Your pronouns are ruining your reputation
“Every time his name and pronouns pop up on my screen, I get a lurch of dread in my stomach and fight back tears”
This article was first published in Plain Sight.
It’s becoming clear that listing your preferred pronouns online can backfire. While people often proffer their pronouns in an attempt to advertise their kindness and virtue, in reality it frequently creates a poor first impression.
This was highlighted in a recent survey by DatePsychology, which found that preferred pronouns are a distinct turnoff for both men and women.
In the survey, 24% of men said that they will absolutely reject any woman who includes preferred pronouns in her online dating profile (e.g. if she includes “she/her” after her name). This means that even if they find her profile picture attractive, they won’t even consider dating her. Interestingly, men found preferred pronouns more off-putting than explicitly stated political beliefs that were opposed to their own.
Similarly, 28% of women said that they will absolutely reject any man who lists his preferred pronouns in his online dating profile. This makes preferred pronouns a bigger deal-breaker for women than not listing any career or education in your dating profile.
The tables below show some other dating deal-breakers for men and women, to put these findings in context. You can see the complete list in the original article.
Examples of dating deal breakers for men
Examples of dating deal-breakers for women
These tables show the percentage of respondents who absolutely reject potential partners who list preferred pronouns. They don’t include respondents who merely said that they found preferred pronouns off-putting.

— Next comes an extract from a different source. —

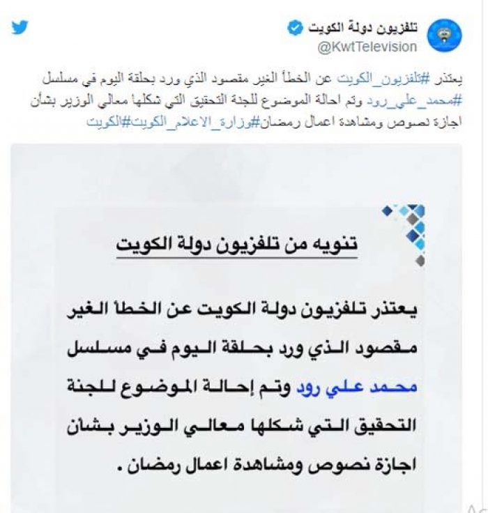 وكان التليفزيون الكويتي، قد قدم اعتذارا عن الخطأ غير المقصود الذي ورد بحلقة الأحد في مسلسل "محمد علي ورد"، كما أكدت الصفحة الرسمية للتليفزيون الكويتي وقتها أنه تم إحالة الأمر إلى لجنة تحقيق شكلها وزير الإعلام بشأن إجازة النصوص في رمضان.

While this survey looked at pronouns in dating apps, it has obvious implications for pronouns in email signatures and social media profiles. If you work in business, can you afford to alienate a quarter of your customers by adding your pronouns to your LinkedIn profile? If you work in government, do you really want to alienate a quarter of the citizens you are duty bound to serve?
Why does listing your preferred pronouns make you unattractive? While the DatePsychology survey doesn’t answer this question, there are several likely reasons.
It paints you as a gender activist
As the New Zealand Public Service Commission admits, “Having pronouns in an email signature signals you as an LGBTQIA+ ally”. And as the Social Justice Encyclopedia explains, being an ‘ally’ means adopting “a subordinate and supportive role within a group of activists for an identity group”. In other words, listing your preferred pronouns tells the world you’re a gender activist.
A recent informal member survey by the Sex Equality and Equity Network (SEEN), a gender-critical UK government staff network, supports this perception. This survey found widespread concern that listing preferred pronouns violates ethical guidelines on political neutrality:
Over three quarters of respondents highlighted what they see as the political nature of pronoun declaration and the associated ideology underpinning it (that is, belief in gender identity), with the view that this was not considered appropriate in an impartial Civil Service.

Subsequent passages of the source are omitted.